Importance Sampling: A clever substitution of sampling region
MCI as a computational method was first initiated to solve the
integration problem in estimating expectations. Later it was applied to
the simulation of Bayesian posterior (BP) distributions. It has a
transparent algorithm: Generate random samples from a distribution
function say “Target”, then numerically calculate the integral by
summing the values. The expectation obtained by MCI can be referred to
as the Empirical Average (Supplementary Formula-1). For example,
imagine we want to estimate the expectation of the function\(h\left(x\right)=\sin\left(x\right)\sqrt{\left|\cos\left(x\right)\right|}\), where the random variable (X) follows a Normal distribution with
mean=0 and SD=5 (target). Firstly, generate 10000 random samples from
target distribution, then obtain the values of h(x) from each generated
sample, and then calculate numerically the mean and variance of this
generated sample (Supplementary R Code-1). This random sampling method
is not cost-effective when the target distribution is diffuse, because a
large sample size is required to obtain acceptable precision.
MCI was improved by IS, a variance reduction technique which was first
presented in statistical physics (1;
2). IS relaxes the procedure of treating
all parts of the distribution equally, concentrating instead on those
where estimation was critical. In this respect, an alternative function,
say “Proposal”, close to the target, is suggested by making an
educated guess. Contrary to MCI on which samples are treated evenly, a
“weight” which shows the importance of a sample is allocated to each
generated sample through an importance function. Actually, for each
sample, one calculates the likelihood of getting that sample from the
target distribution proportion to the likelihood of sampling it from the
proposal distribution. After the sampling process is finished, the
obtained relative likelihoods were normalized in a way that they sum to
one. In this way, each point has its own likelihood of occurrence as a
discrete probability distribution. The expectation obtained by IS calledWeighted Average (Supplementary Formula-2).
Consider a Normal (0, 0.05) and a t-student (dF=1) as the two different
proposal distributions for Normal (0, 5), and estimate importance
weights through the importance functions\(\frac{target:\ N(0,5)}{proposal:\ N\left(0,0.05\right)}\) and\(\ \frac{N(0,5)}{t(1)}\) for each generated point. After that,
normalize the weights as\(\frac{\frac{N(0,5)}{N\left(0,0.05\right)}}{\sum\frac{N(0,5)}{N\left(0,0.05\right)}}\)and \(\ \frac{\frac{N(0,5)}{t(1)}}{\sum\frac{N(0,5)}{t(1)}}\) .
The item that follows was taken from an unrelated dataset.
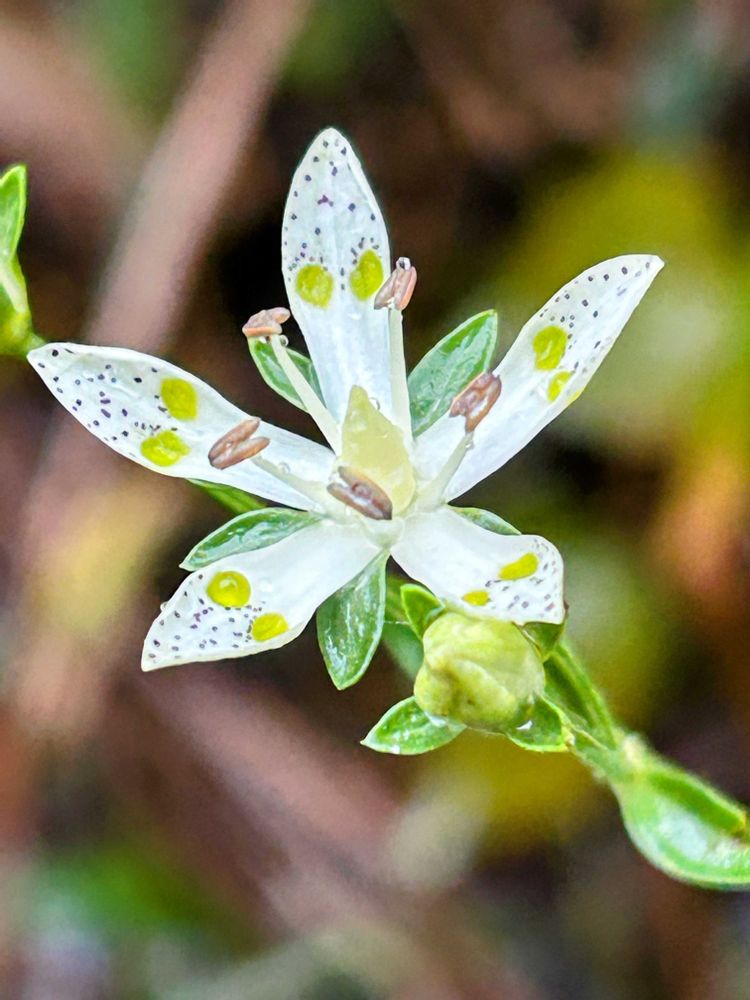 他のセンブリの蜜腺は花冠の根元付近に多く、アケボノソウは花弁の外側近くにあり、その色と暗紫色の斑点が、より花を美しく際立たせています

Therefore, we have a discrete distribution function for which its
properties such as the mean and variance are easily estimable. Estimated
means for our generated samples were approximately 0 as obtained from
MCI but their variances are considerably lower than the MCI approach
(Supplementary R Code-2). Using alternative distributions can improve
the variance of the samples, although a wide proposal distribution leads
to worse estimates in terms of the variance and inefficient due to a
large sampling number (Figure1). Choosing an appropriate proposal
distribution that looked similar to the target would be ideal though
difficult to find at times. Unbiased estimates of parameters are
obtained for large samples by IS. It also works well when the importance
function is not very variable. Indeed, an appropriate proposal
distribution leads to lower variances and higher accuracy of
approximation. Robert and Casella provided an example illustrating the
use of Normal (0, 1) as a proposal to resemble sampling from a Cauchy
C(0,1) target distribution caused infinite variance of importance
weights (3). It leads to attach high
importance to few points and provides inefficient estimates in terms of
variance. By substituting heavy tails distributions like t-student
rather than Normal, reasonable fitness is guaranteed.